Es ist Juli 2026, und Sony schafft es tatsächlich, die Gaming-Community innerhalb von vier Tagen zweimal in Rage zu bringen. Am 1. Juli verkündete der Konzern das Ende der Disc-Produktion für neue PlayStation-Spiele ab 2028, wie der offizielle PlayStation Blog bestätigt. Und jetzt geht eine Klausel aus den aktualisierten AGB viral, die noch eine Stufe härter ist: Wer sich 36 Monate nicht in seinen PSN-Account einloggt, riskiert die komplette Löschung – mitsamt aller gekauften Spiele, DLCs und Filme. Irreversibel. Kein Einspruch. Kein „wir heben das mal eben aus dem Backup“.
36 Monate Inaktivität, dann ist alles weg – was in den neuen AGB wirklich steht
Die fragliche Passage findet sich in den UK Terms of Service, zuletzt aktualisiert im April 2026. Unter „Closing Your Account“ steht dort ein Satz, der in seiner Nüchternheit fast schon unverschämt klingt: Wenn du deinen Account 36 Monate lang nicht nutzt, kann Sony die Schließung einleiten. Ein sechsmonatiges Fenster bleibt dir, um zu reagieren – dann ist der Account unwiderruflich weg.
Die Konsequenz formuliert Sony selbst mit brutaler Klarheit: Kein Zugriff mehr auf PlayStation Online Services, keine Nutzung der mit diesem Account gekauften digitalen Produkte. Alles, was du in vielleicht 15 Jahren als treuer Kunde angesammelt hast – Spiele für hunderte Euro, DLCs, Season-Pässe – wäre mit einem Schlag verschwunden.
Der Haken: Die US-Version der AGB enthält diese Klausel Stand heute nicht. Es handelt sich um eine regionale Regelung, die vor allem Spieler in Großbritannien und potenziell weiteren europäischen Märkten trifft. Aber dass Sony diesen Text überhaupt formuliert und veröffentlicht hat, ist eine Ansage. Wer garantiert, dass die Klausel nicht bald global ausgerollt wird?
Erst die Disc, jetzt der Account – die Juli-Woche, die PlayStation nicht mehr einfängt
Man muss sich den Juli 2026 wie eine schlecht geschriebene Dramaserie vorstellen. Am 1. Juli schreibt Sony im PlayStation Blog, dass ab Januar 2028 keine physischen Discs für neue Spiele mehr produziert werden. Das Werk in Thalgau, Österreich – 600.000 Discs am Tag – wird auf Mikrolinsen-Produktion umgerüstet.

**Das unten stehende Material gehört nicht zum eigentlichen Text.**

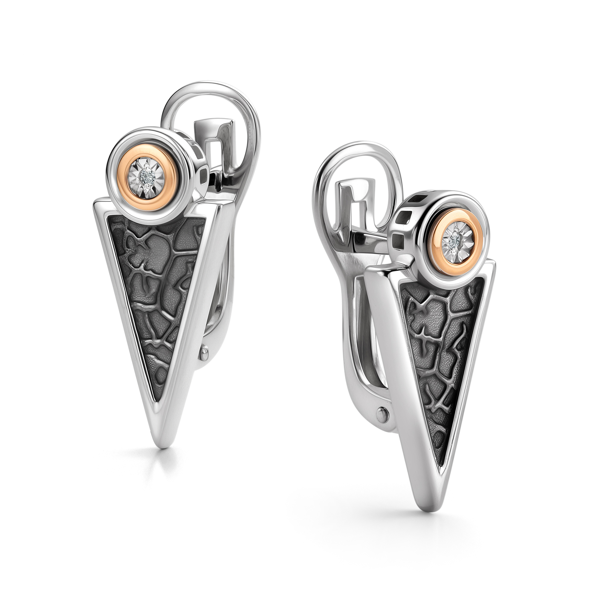 Серьги из серебра с камнем Бриллиант, вставками золота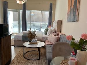 Апартаменты с кондиционером, балконом и собственными оздоровительными удобствами Serviced Studio Near Burj Khalifa расположены в Дубае, всего в 700 метрах от центра города и менее чем в 1 км от фонтана Дубай. В апартаменте одна комната с двумя кроватями, из которой открывается вид и есть выход на террасу.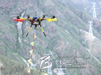 為應(yīng)對復(fù)雜地形和氣候環(huán)境,四川送變電公司使用了由四川電力應(yīng)急中心自主組裝的高科技“法寶”——八旋翼飛行器。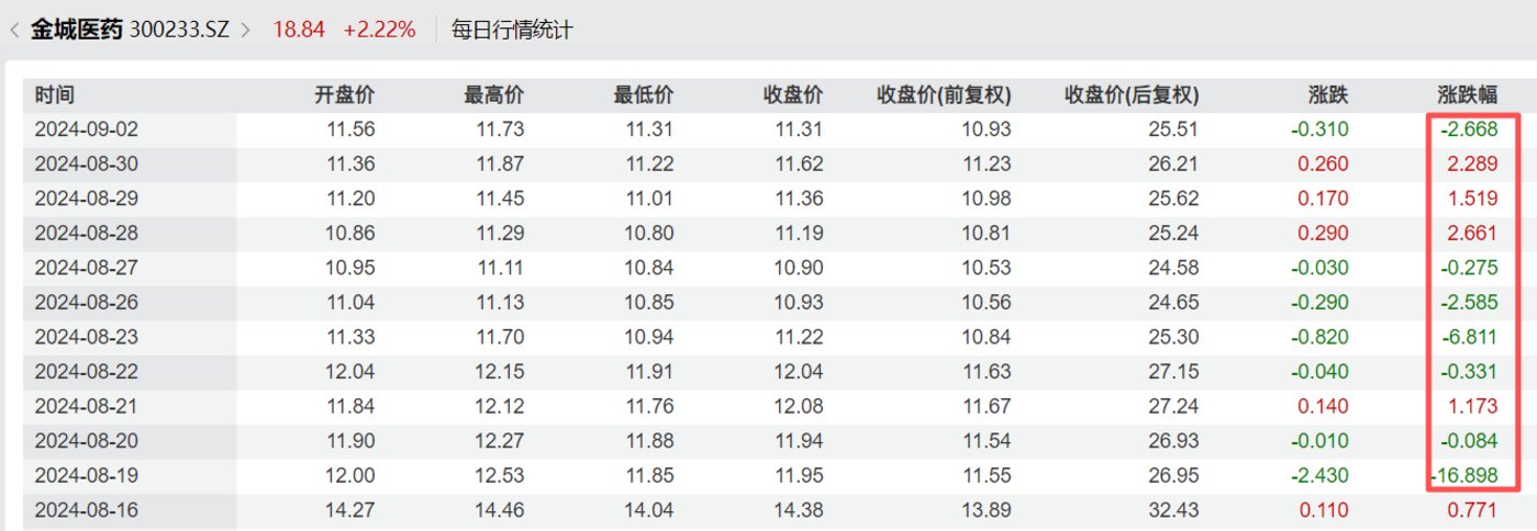 金城医药立案告知书公告披露后股价涨跌情况

Die Community war noch damit beschäftigt, diesen Brocken zu verdauen, als vier Tage später die Account-Lösch-Klausel die Runde macht. #BoycottSony trendet, eine Petition fordert Sony zum Umdenken auf, und Kojimas alte Warnung – „Digitale Daten werden irgendwann niemandem mehr wirklich gehören“ – wird tausendfach neu geteilt.

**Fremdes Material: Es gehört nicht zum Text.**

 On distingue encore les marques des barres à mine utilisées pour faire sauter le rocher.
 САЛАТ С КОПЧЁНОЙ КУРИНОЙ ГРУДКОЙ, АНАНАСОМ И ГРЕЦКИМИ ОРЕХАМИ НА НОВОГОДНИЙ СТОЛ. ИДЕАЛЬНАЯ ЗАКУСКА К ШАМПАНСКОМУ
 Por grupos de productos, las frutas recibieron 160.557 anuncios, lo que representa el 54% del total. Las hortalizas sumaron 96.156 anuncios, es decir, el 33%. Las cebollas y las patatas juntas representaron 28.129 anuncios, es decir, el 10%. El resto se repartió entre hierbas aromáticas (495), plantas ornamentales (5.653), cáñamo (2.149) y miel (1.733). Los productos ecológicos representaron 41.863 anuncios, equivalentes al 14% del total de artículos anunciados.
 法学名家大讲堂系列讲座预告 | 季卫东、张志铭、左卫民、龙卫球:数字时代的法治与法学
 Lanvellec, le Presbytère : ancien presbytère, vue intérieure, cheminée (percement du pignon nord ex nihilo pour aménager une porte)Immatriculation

Das Fatale an dieser Abfolge: Beide Meldungen verstärken sich gegenseitig. Sony sagt, ihr braucht keine Discs mehr – und im selben Atemzug steht in den AGB, dass euer digitales Archiv jederzeit gelöscht werden kann. Ein Vertrauensverlust, der sich gewaschen hat. Und die nächste schlechte Nachricht wartet schon.

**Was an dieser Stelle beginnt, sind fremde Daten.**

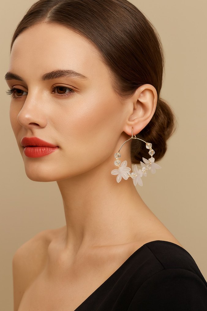 Beyaz çiçek desenli, boncuk detaylı midi uzunlukta, modern tarzda küpeler. Düğün ve klasik zarafet için uygundur.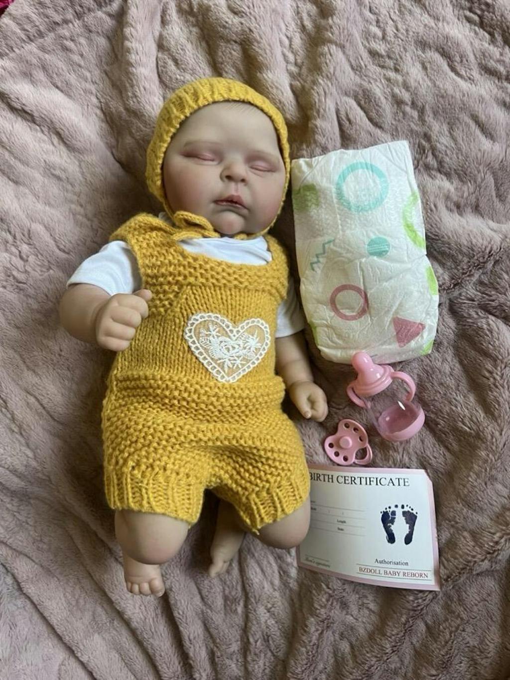 20 Inches 3D Skin Soft Body Sleeping Reborn Doll In Yellow Sweater- Peaches
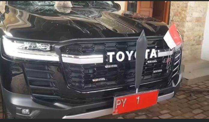 Pantauan lapangan menunjukkan kerusakan paling parah menimpa dua unit kendaraan dinas berpelat merah hitam. Kaca depan pecah dihantam batu berukuran besar, bodi penyok, dan sisa serpihan kaca berserakan di lantai garasi. Batu masih tergeletak di atas kap mobil, menandai brutalnya amukan massa.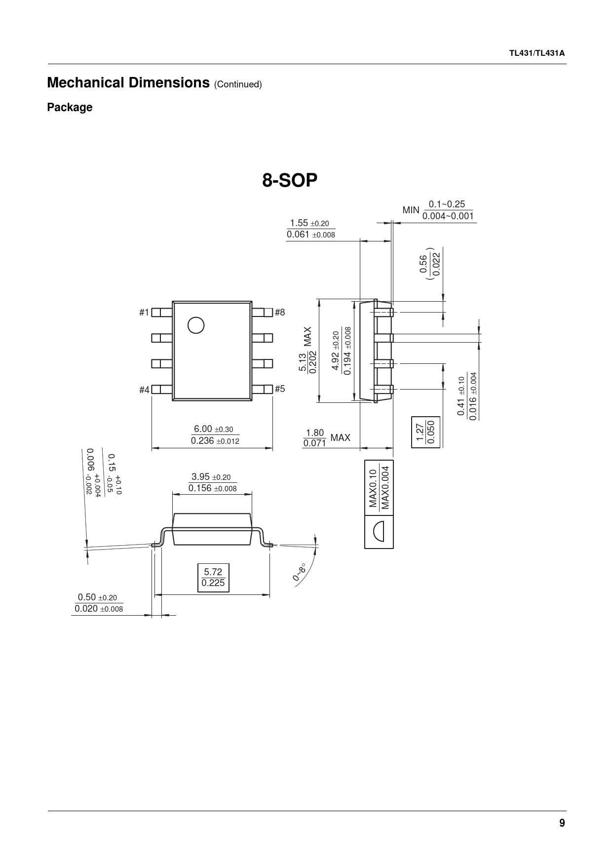 | Pages / Page | 10 / 9 — TL431/TL431A. Mechanical Dimensions. Package. 8-SOP |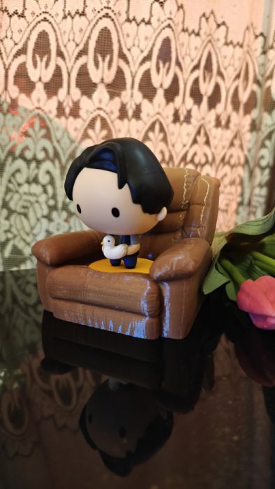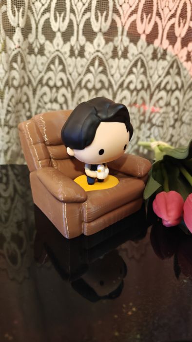 Ten miniaturowy fotel to dekoracyjny ekspozytor inspirowany słynnymi fotelami, na których dwójka przyjaciół spędzała niezliczone wieczory przed telewizorem. Stworzony w mojej pracowni w technice druku 3D, łączy w sobie lekkość nowoczesnego materiału i rękodzielnicze wykończenie, dzięki czemu każdy egzemplarz ma swój własny charakter.

500 Filme, null Rechtsanspruch – das Kleingedruckte, das keiner liest
Um das Gesamtbild abzurunden, lohnt ein Blick auf das, was im September ansteht. Sony hat angekündigt, über 500 Filme aus den Bibliotheken der Nutzer zu entfernen – Lizenzverträge laufen aus, das ist der offizielle Grund. Wer diese Filme gekauft hat, verliert den Zugriff. Kein Rechtsanspruch, keine Entschädigung.
Das ist keine neue Praxis – auch andere Plattformen entfernen lizenzierte Inhalte. Aber der Zeitpunkt könnte kaum schlechter gewählt sein. In der gleichen Woche, in der die Community über Account-Löschungen und das Disc-Ende diskutiert, sickert durch, dass selbst bereits bezahlte Filme nicht sicher sind.
Und während das alles passiert, schraubt Sony an den Preisen: Die PS5 kostet inzwischen 650 Dollar, die Pro 900, und die PS6 wird Analysten zufolge ohne Laufwerk kommen, bei Komponentenkosten von geschätzt 960 Dollar. Das ist kein Ausrutscher mehr. Das ist ein Muster.